━━━━━ DATASET ENTRIES
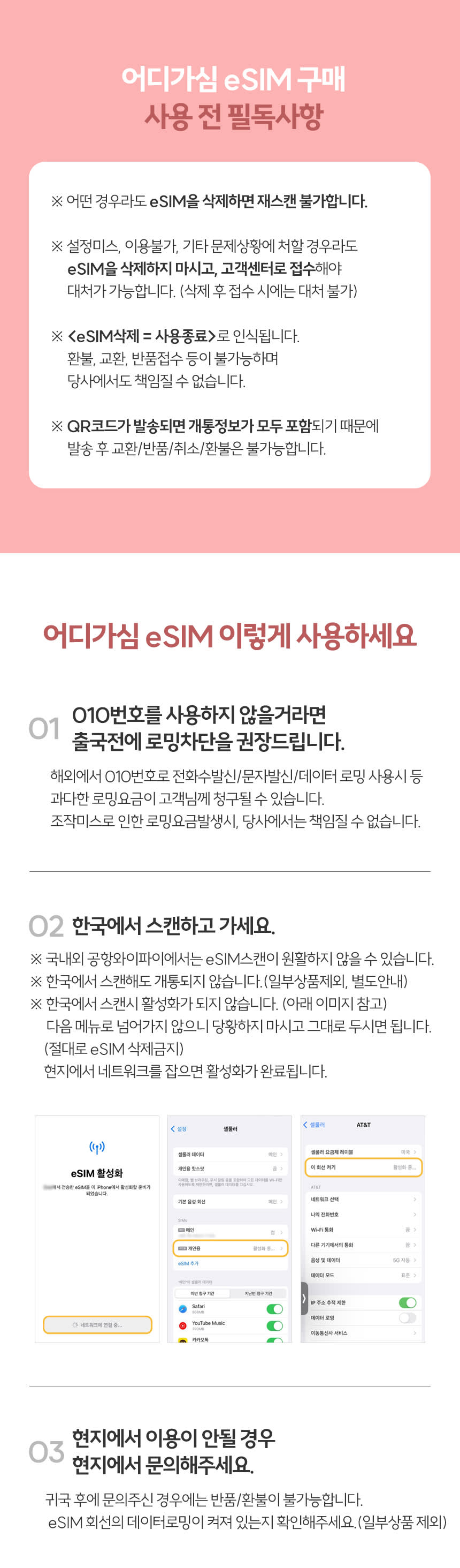 ※ 주의!! 한국에서 스캔 시 바로 개통됩니다.
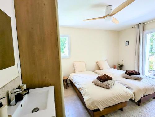 L’hébergement L'Adret du Ventoux vous accueille à Flassan, à respectivement 46 km et 47 km de ces lieux d’intérêt : Gare d'Avignon-Centre et Palais des Papes d'Avignon. Il propose des équipements tels qu’une connexion Wi-Fi gratuite et une télévision à écran plat. Cette villa possède une piscine privée, un jardin et un parking privé gratuit. Cette villa se compose de 3 chambres, d'un salon, d'une cuisine entièrement équipée avec un réfrigérateur et une machine à café, ainsi que de 3 salles de bains avec une douche et un sèche-cheveux. Des serviettes et du linge de lit sont mis à votre disposition. Vous pourrez profiter d’une piscine extérieure ainsi que d’une terrasse sur place, et pratiquer le vélo dans les environs. Vous séjournerez à respectivement 50 km et 33 km de ces lieux d’intérêt : Gare TGV d'Avignon et Grottes de Thouzon. L'aéroport le plus proche (Aéroport de Nîmes Alès Camargue Cévennes) est à 103 km. |
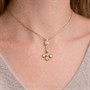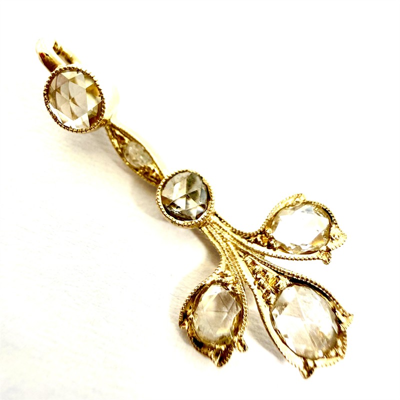 Půvabný, něžný závěs ze 14ti karátového zlata (585/1000) nesoucí nevšední florální motiv. Šperk zdobí pět velkých a jedna drobná diamantová routa. Váha šperku 1,23 g. Délka 2,5 cm. Závěs byl profesionálně vyleštěn a je ve výborném stavu. Řetízek není součástí prodeje.
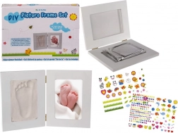 Maak een unieke herinnering aan de eerste maanden van je baby. Deze elegante lijst combineert ruimte voor een foto met een plek voor een afdruk in veilige boetseerklei, die is inbegrepen. Je bereidt de klei eenvoudig voor, drukt er zachtjes een handje of voetje in en laat het drogen. Het resultaat is een originele decoratie die de herinneringen voor altijd bewaart.
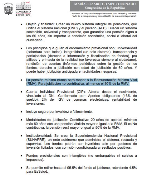 El proyecto de ley propone terminar con el sistema dual ONP-AFP y reemplazarlo por un sistema único de cuentas individuales previsionales administrado por una entidad denominada SUNAPRE, con pensión mínima garantizada, opción de retiro del 95.5%, y un fondo solidario para quienes no aportaron lo suficiente. En dicha iniciativa se establecía:
━━━━━━━━━━
Give every entry again as it is, dropping its pictures.

 ※ 주의!! 한국에서 스캔 시 바로 개통됩니다.
 L’hébergement L'Adret du Ventoux vous accueille à Flassan, à respectivement 46 km et 47 km de ces lieux d’intérêt : Gare d'Avignon-Centre et Palais des Papes d'Avignon. Il propose des équipements tels qu’une connexion Wi-Fi gratuite et une télévision à écran plat. Cette villa possède une piscine privée, un jardin et un parking privé gratuit. Cette villa se compose de 3 chambres, d'un salon, d'une cuisine entièrement équipée avec un réfrigérateur et une machine à café, ainsi que de 3 salles de bains avec une douche et un sèche-cheveux. Des serviettes et du linge de lit sont mis à votre disposition. Vous pourrez profiter d’une piscine extérieure ainsi que d’une terrasse sur place, et pratiquer le vélo dans les environs. Vous séjournerez à respectivement 50 km et 33 km de ces lieux d’intérêt : Gare TGV d'Avignon et Grottes de Thouzon. L'aéroport le plus proche (Aéroport de Nîmes Alès Camargue Cévennes) est à 103 km. |
 Půvabný, něžný závěs ze 14ti karátového zlata (585/1000) nesoucí nevšední florální motiv. Šperk zdobí pět velkých a jedna drobná diamantová routa. Váha šperku 1,23 g. Délka 2,5 cm. Závěs byl profesionálně vyleštěn a je ve výborném stavu. Řetízek není součástí prodeje.
 Maak een unieke herinnering aan de eerste maanden van je baby. Deze elegante lijst combineert ruimte voor een foto met een plek voor een afdruk in veilige boetseerklei, die is inbegrepen. Je bereidt de klei eenvoudig voor, drukt er zachtjes een handje of voetje in en laat het drogen. Het resultaat is een originele decoratie die de herinneringen voor altijd bewaart.
 El proyecto de ley propone terminar con el sistema dual ONP-AFP y reemplazarlo por un sistema único de cuentas individuales previsionales administrado por una entidad denominada SUNAPRE, con pensión mínima garantizada, opción de retiro del 95.5%, y un fondo solidario para quienes no aportaron lo suficiente. En dicha iniciativa se establecía:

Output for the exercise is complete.